The terrain of gamebyro is easy to use and can be easily expanded to meet other functional requirements of the project.

A terrain system consists of the following parts:

1. niterraincomponent: it is the entrance to the entire terrain system. With terrain interactor, you can access all the sub-component of niterraincomponent just like accessing the container.

2. Terrain interactor terrain iterator, through terrain
Interactor can start all data queries, such as simple collision detection, meta-data query, height graph import and file loading. Almost all operations based on the terrain System
All operations are completed through terrain interactor.
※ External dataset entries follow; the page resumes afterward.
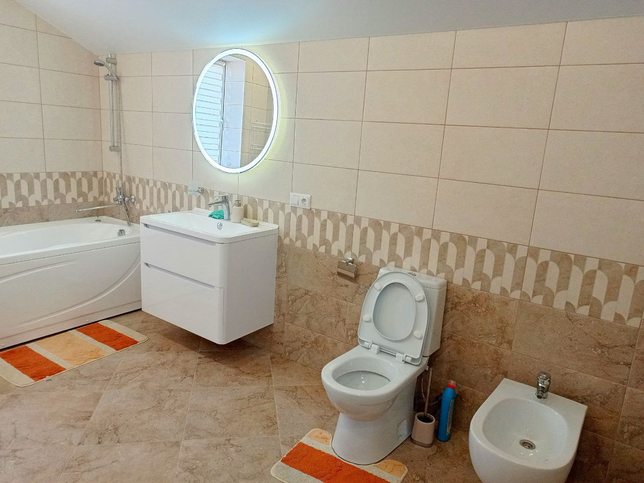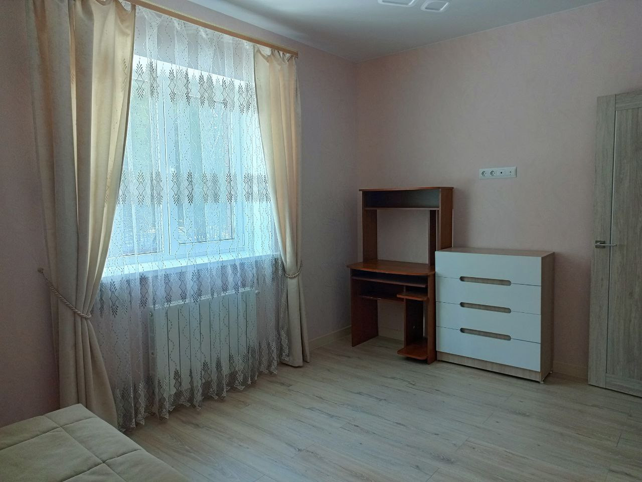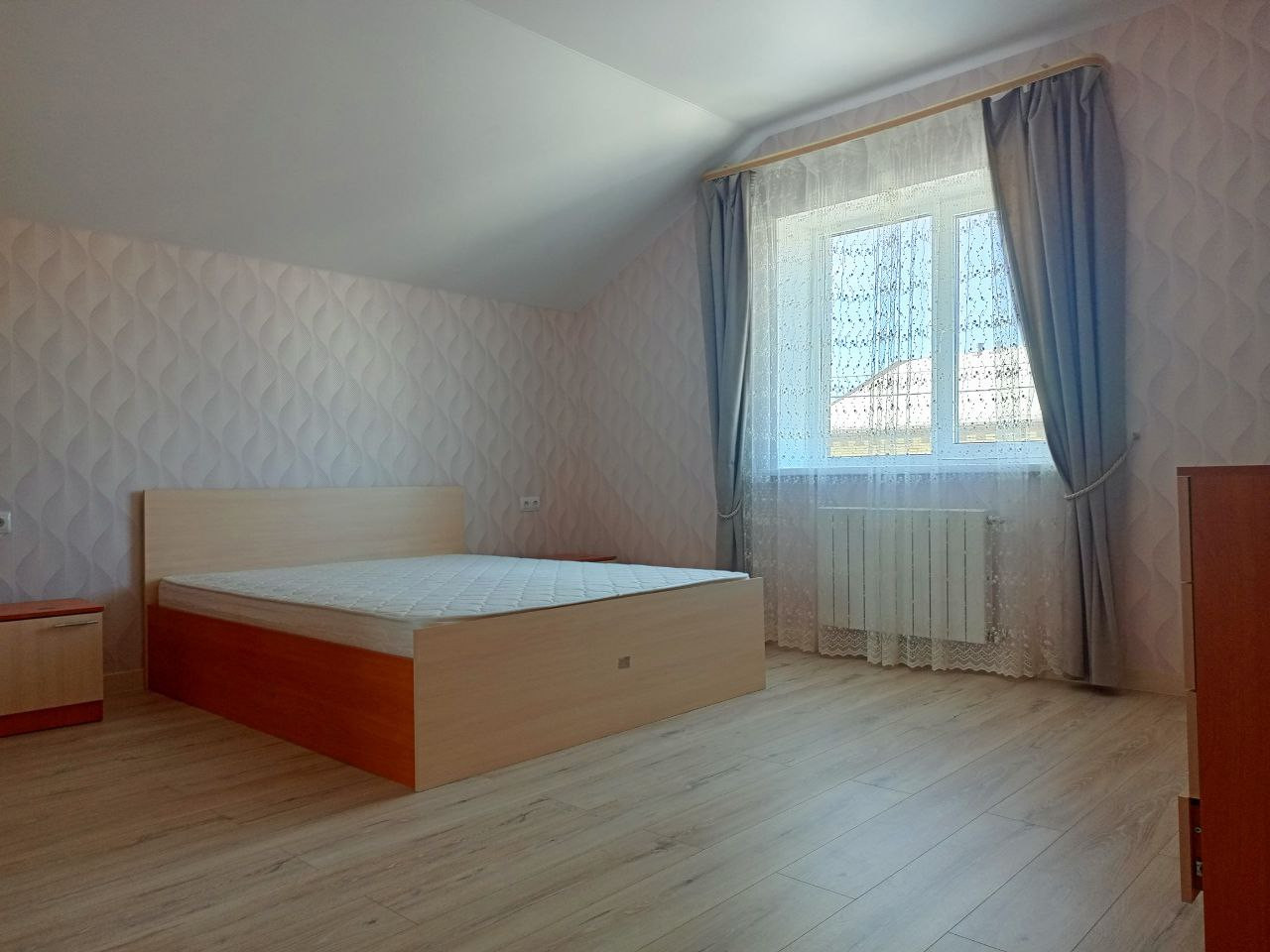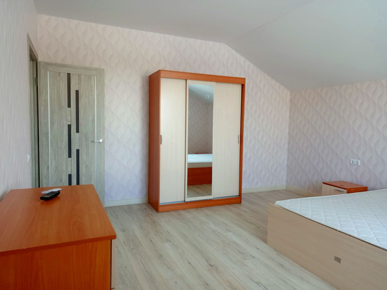 Расположен на двух этажах. На первом: кухня- гостиная 37 м. кв. с выходом на задний двор к сосновому лесу. Кухонная зона оборудована газовой плитой, духовкой, холодильником, микроволновой печью, обеденным столом и стульями, диваном и креслами. Теплыми полами. Прихожая с вместительным шкафом-купе. Два робота-пылесоса. Гостевая комната, санузел со стиральной машиной и душевой кабиной, бойлерная, терраса. На втором этаже три спальни, гардеробная, большая ванная комната, места для хранения. Три телевизора, беспроводной интернет.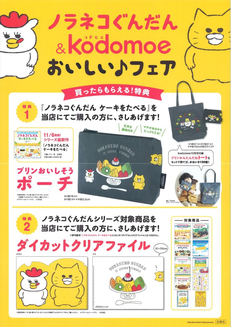 『ケーキをたべる』ご購入頂いた方に、特典として「プリンおいしそうポーチ」を、既刊のシリーズをお買い上げの方には、「ダイカットクリアファイル」をお渡しいたします。同日発売の『kodomoe 12月号』の付録には、「プリンかんたんだねトート」が登場です!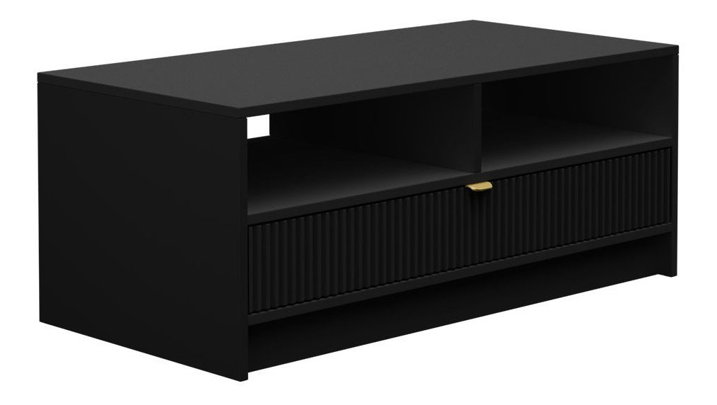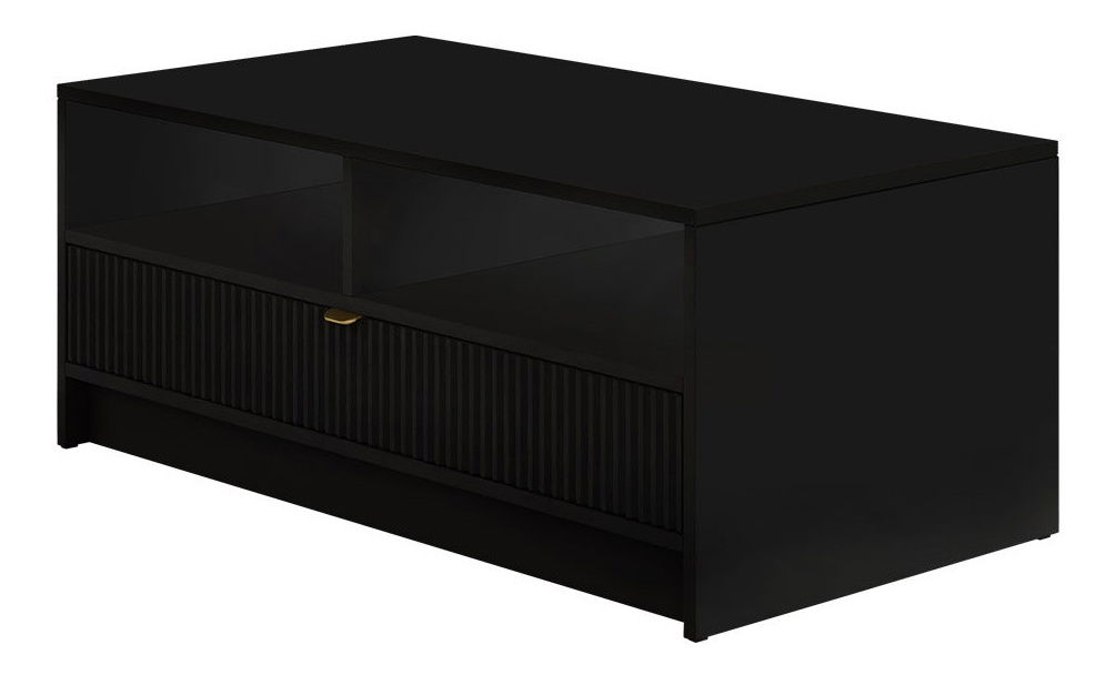 ZobrazitKonferenční stolek je ideální volbou pro ty, kteří hledají pohodlí a styl. Doménou moderního konferenčního stolku se šuplíkem Razimo 1SZ je stylový vzhled. Geometrický tvar v kombinaci s vkusnými dekoracemi vypadá skvěle v každém interiéru. Rýhované vložky jsou zde výhodou – i minimalistickému interiéru dodají nádech avantgardy. Další z předností stolku je jeho funkčnost. Prostorná vrchní deska poskytne dostatek místa na šálky aromatické kávy i na sladké či slané občerstvení. Hned pod ní se nacházejí prostorné poličky – v praxi dobře fungují jako praktické odkládací prostory na dálkové ovladače, sluchátka nebo přečtené noviny. Větší příslušenství najde své místo ve výsuvné zásuvce pod ním. Rozměry: šířka: 100 cm, výška: 40 cm, hloubka: 50 cm Provedení: korpus: 16 mm silná laminovaná deska, čela: 18 mm MDF deska, hrany: ABS a melamin, kuličkové kluzáky, hliníkové úchyty zlaté barvy, nožičky: černé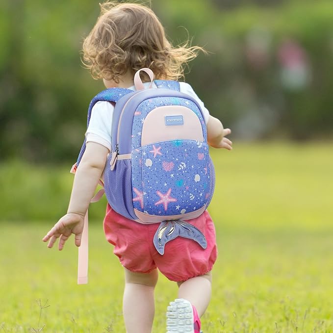mommore Toddler Backpack for Girls 2-4 Neoprene Backpack with Kids Leash, 3D Cartoon Preschool Kindergarten Bookbag for Pre-k, Mermaid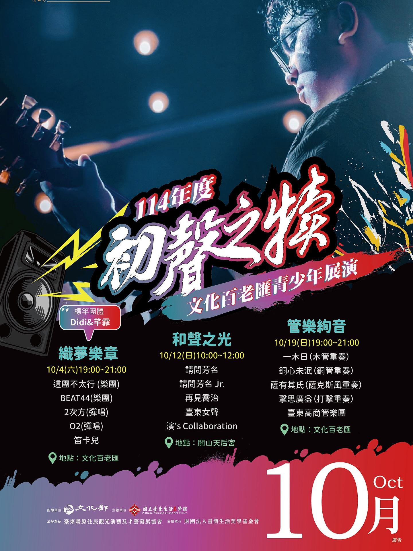 🍀文化百老匯青少年展演(10/12),臺東縣關山天后宮廣場

3. niterrainsectorcomponent
Contains a quad-tree responsible for organizing terrain data blocks. This object is responsible for loading and performing Ray Intersection queries between objects and terrain from disks, converting terrain ry, and managing internal resources (including shared vertex streams and
Shader ). At the same time, niterrainsectorcomponent is also responsible for the occlusion query of the quad-tree and the generation of visible sets.

4. Data leaves and blocks
The level of splitting is set by niterraincomponent. each node in the tree contains a terrain block. The side length of the block must be an integer power of 2. Level of the root node of the quad-tree
If the value is n and the leaf node is 0, the details are increased from the height to the bottom. If the level is 0, the terrain block contained in the leaf node has the highest details.
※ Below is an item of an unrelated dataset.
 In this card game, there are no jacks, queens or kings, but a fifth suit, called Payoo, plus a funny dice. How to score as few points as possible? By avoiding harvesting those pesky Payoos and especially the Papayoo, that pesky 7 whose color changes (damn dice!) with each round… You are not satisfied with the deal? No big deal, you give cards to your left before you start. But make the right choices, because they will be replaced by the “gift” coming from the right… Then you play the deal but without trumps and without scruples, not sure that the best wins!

5. material layers: the terrain system uses a mask to specify materials for the terrain. Mask data specifies the material corresponding to each part of the surface. A single earth surface supports up to four materials, which are mixed based on their respective weights. The weight data is also obtained through masks.

Materials play a special role in the terrain rendering system. You can specify meta-data for the materials to attach other information (such as the sound of walking in the snow ), you can also add vertices or pixel coloring programs to the surface by texture textures. In addition, each texture can contain the following specified texture textures:

L diffuse/base map reflection textures use 3 or 4 channels to determine the color of reflected light.
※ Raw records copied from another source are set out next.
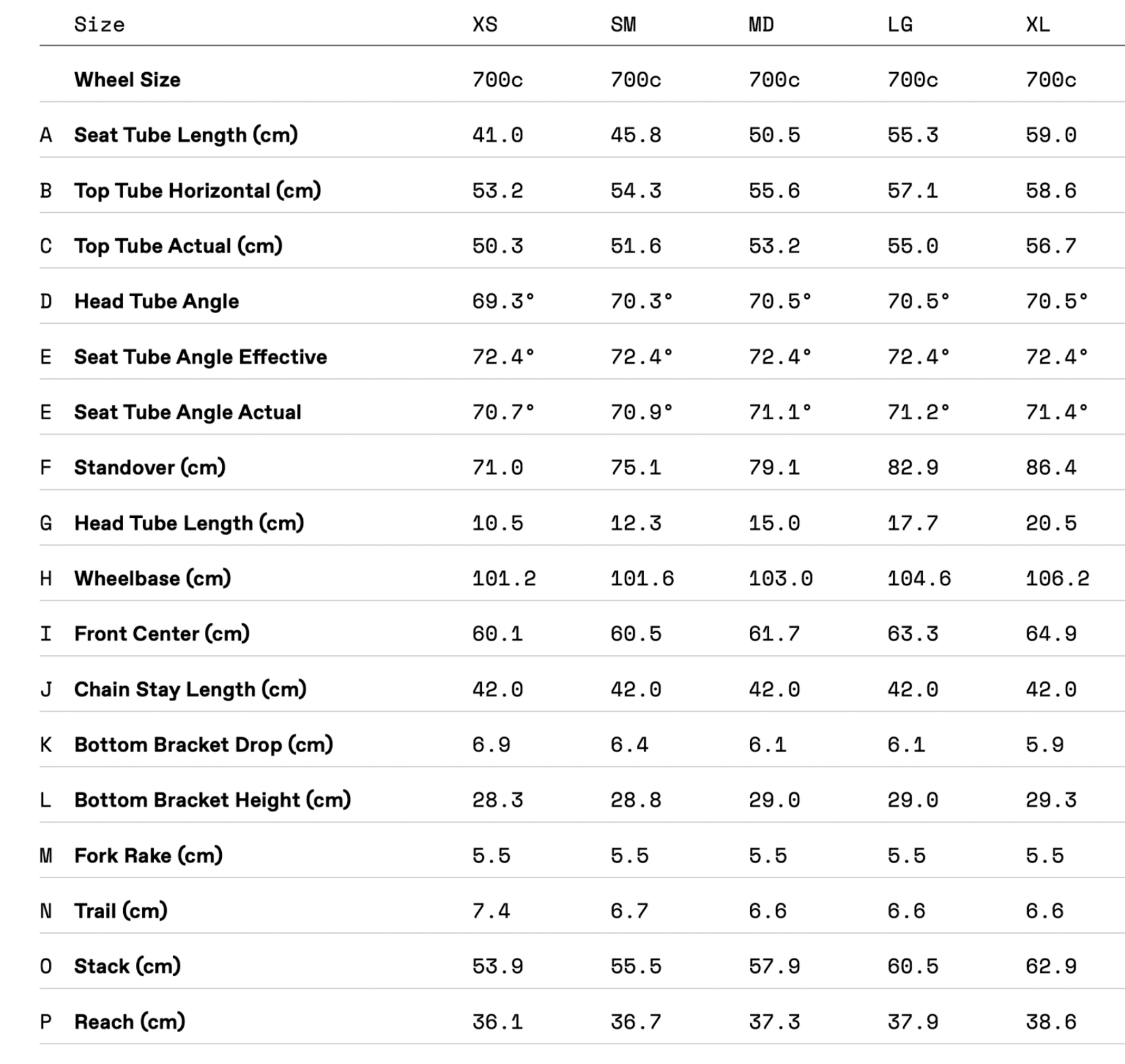 Afin d’offrir un cadre le plus adapté possible à la taille du pilote, cette géométrie est évolutive en fonction de la taille du cadre. Dénommée « Proportional response », cette conception fait par exemple varier le reach de 361 mm en taille XS jusqu’à 386 mm pour le cadre en taille XL.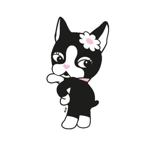 Rebecca Bonbon, the cute French Bulldog, winks and blows a kiss with pink hearts, wearing a flower and collar.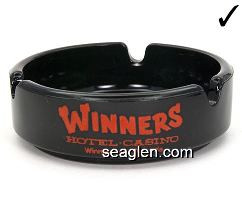 WIN-A2 Winners Inn/ Winners Hotel-Casino Winnemucca, NV 3 9/16" Smoke Glass Ashtray White imprint: Winners Hotel - Casino, Winnemucca, Nevada (702) 623-2511 |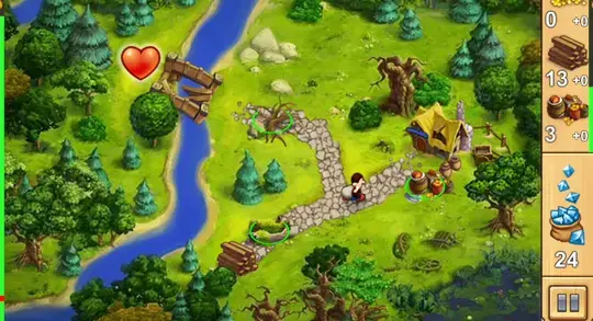 单击资源或障碍物以将工作人员发送给它。收集钻石并使用它们购买升级和特殊能力。收集心脏以击败关卡并重建您的王国!
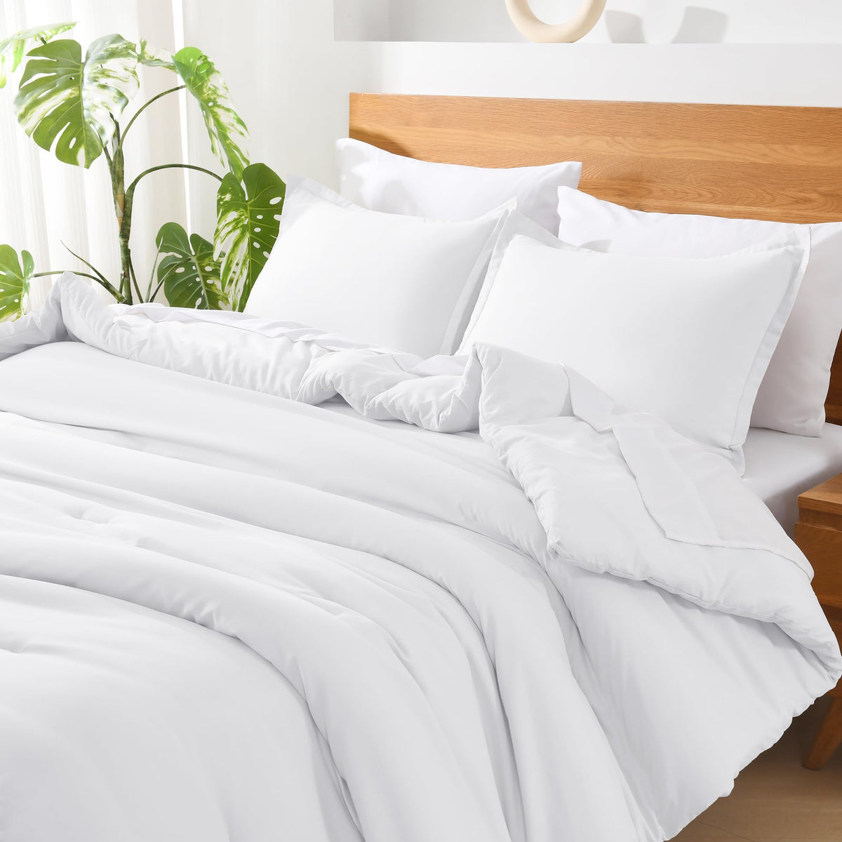 Andency White California King Comforter Set - 7 Pieces Bed In A Bag Cal King Bedding Comforter Sets, Summer Solid Soft Lightweight Comforter With Fitted Sheets, Flat Sheets, Pillowcases & Shams

L detail map detail texture, which provides the Alpha value for the reflection texture.

L normal map normal texture.

L parallax map, used to save the height offset information of the surface pixel.

Gamebyro also provides simple terrain Ray tracking and surface rendering. The current implementation of topographic ray tracing is very simple. It is to use a Ray to query the surface triangle.
Physics is integrated to support collision detection between objects and the Earth through the physical engine L. Water surface rendering is mainly composed of two texture animations, which express water waves through concave and convex textures. Where the engine is located
To save the height of the surface from the water surface. Two colors are pre-defined: the deep water color and the light water color. If there is no surface below the water surface, the deep water color is used directly. In the pixel shadow
The height chart can be sampled to obtain the depth of the current pixel, and then the difference between the dark color and the light color is obtained based on the depth to obtain the final color of the water. However, this effect is not ideal.
You also need to expand it, for example, adding reflection and refraction.

Material
:

Gamebyro mainly uses the 3dmax plug-in to edit materials and provides standard material nodes.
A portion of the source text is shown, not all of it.